- Opening Delimiter -

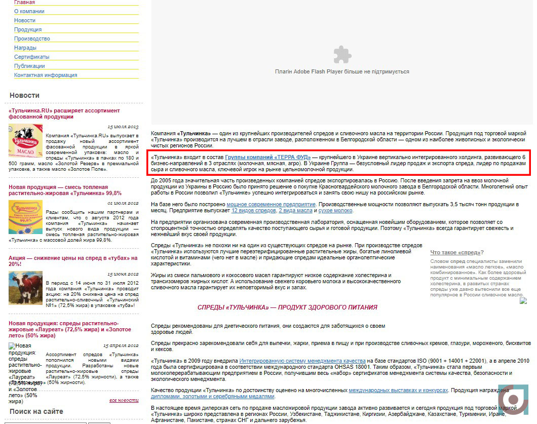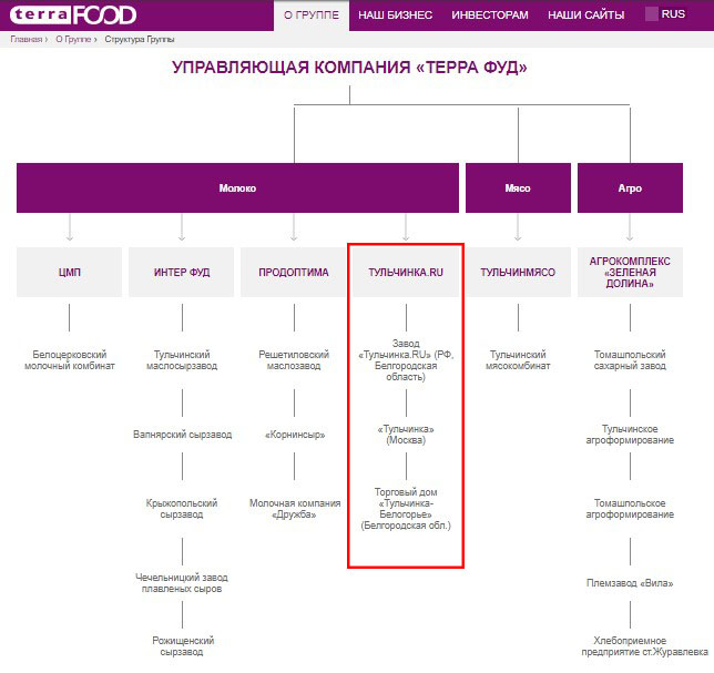 Схожа ситуація і з сайтом українського «Терра Фуд». Ось структура компанії у 2013 році:
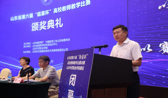 26日下午,举行大赛闭幕式及颁奖典礼。山东省教育厅副厅长关延平,山东省教育厅教师工作处处长刘宝君,雷火竞技官方网站经理刁建东,北京世纪超星信息技术发展有限责任公司总经理阙超,山东省高等学校团队培训中心常务副主任邹文等出席闭幕式并为获奖选手颁奖。评审专家、获奖教师以及部分高校领队参加活动。闭幕式由邹文主持。
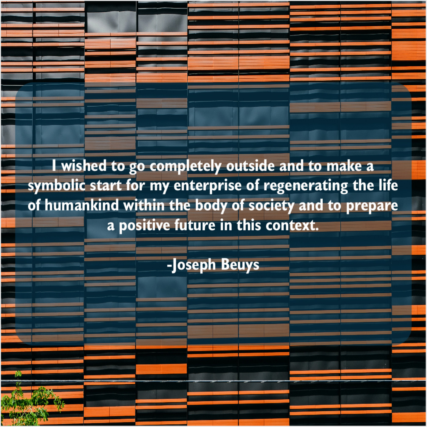 Joseph Beuys Joseph Beuys – I wished to go completely… April 23, 2019 admin “I wished to go completely outside and to make a symbolic start for my enterprise of regenerating the life of humankind within the body of society and to prepare a positive future in this context.”-Joseph Beuys
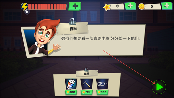 1、在目标界面,根据任务如给强盗播放喜剧电影整蛊他们,选择道具如汽水、锤,点击绿色开始按钮进入关卡。
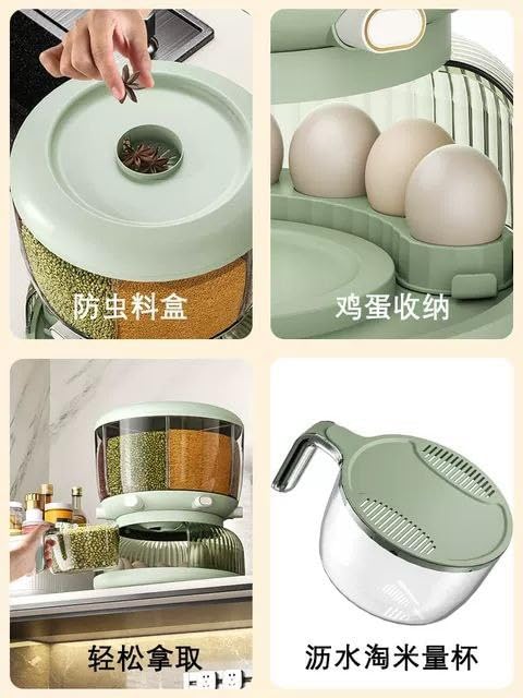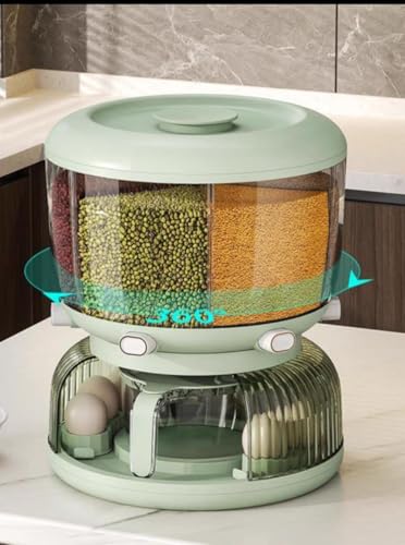 Generic - موزع حبوب جافة عملاق بدوران 360° مع 6 أقسام تخزين وحامل بيض مدمج وإبريق للتصفية (هجاز)
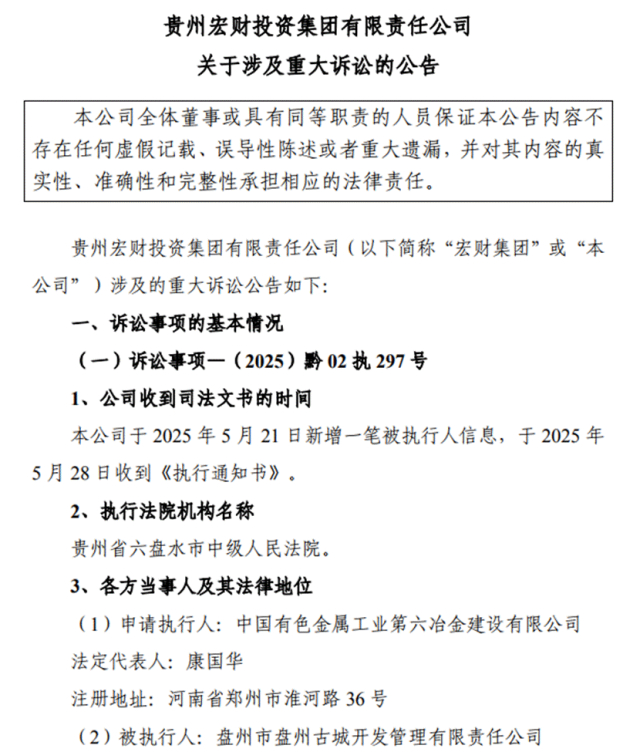 从公告得知,今年5月28日,贵州宏财收到法院执行通知书,其于5月21日新增一则被执行人信息,执行标的金额约3.17亿元。
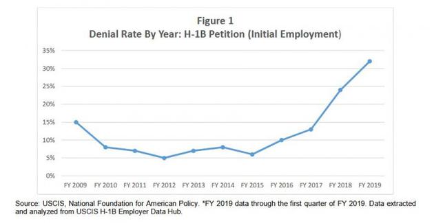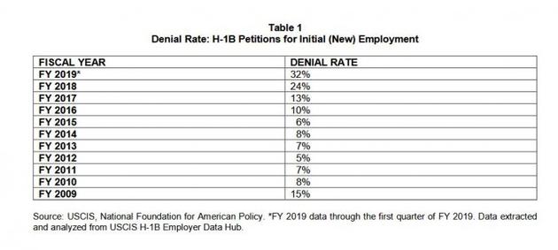 在新签证方面,美国公民及移民服务局的被拒概率从2016年的10%增加到2018年的24%,增加了一倍以上。而在2019年第1季度被拒率达到了32%。虽然特朗普政府承诺会签署更多H-1B签证,但是这种情况在短期内不会发生改变。

- Closing Delimiter -

__Task description__: Leave out the pictures and repeat the lines from the start of the material through the line with "Generic - موزع", inclusive.

__Answer to this task__:
 Схожа ситуація і з сайтом українського «Терра Фуд». Ось структура компанії у 2013 році:
 26日下午,举行大赛闭幕式及颁奖典礼。山东省教育厅副厅长关延平,山东省教育厅教师工作处处长刘宝君,雷火竞技官方网站经理刁建东,北京世纪超星信息技术发展有限责任公司总经理阙超,山东省高等学校团队培训中心常务副主任邹文等出席闭幕式并为获奖选手颁奖。评审专家、获奖教师以及部分高校领队参加活动。闭幕式由邹文主持。
 Joseph Beuys Joseph Beuys – I wished to go completely… April 23, 2019 admin “I wished to go completely outside and to make a symbolic start for my enterprise of regenerating the life of humankind within the body of society and to prepare a positive future in this context.”-Joseph Beuys
 1、在目标界面,根据任务如给强盗播放喜剧电影整蛊他们,选择道具如汽水、锤,点击绿色开始按钮进入关卡。
 Generic - موزع حبوب جافة عملاق بدوران 360° مع 6 أقسام تخزين وحامل بيض مدمج وإبريق للتصفية (هجاز)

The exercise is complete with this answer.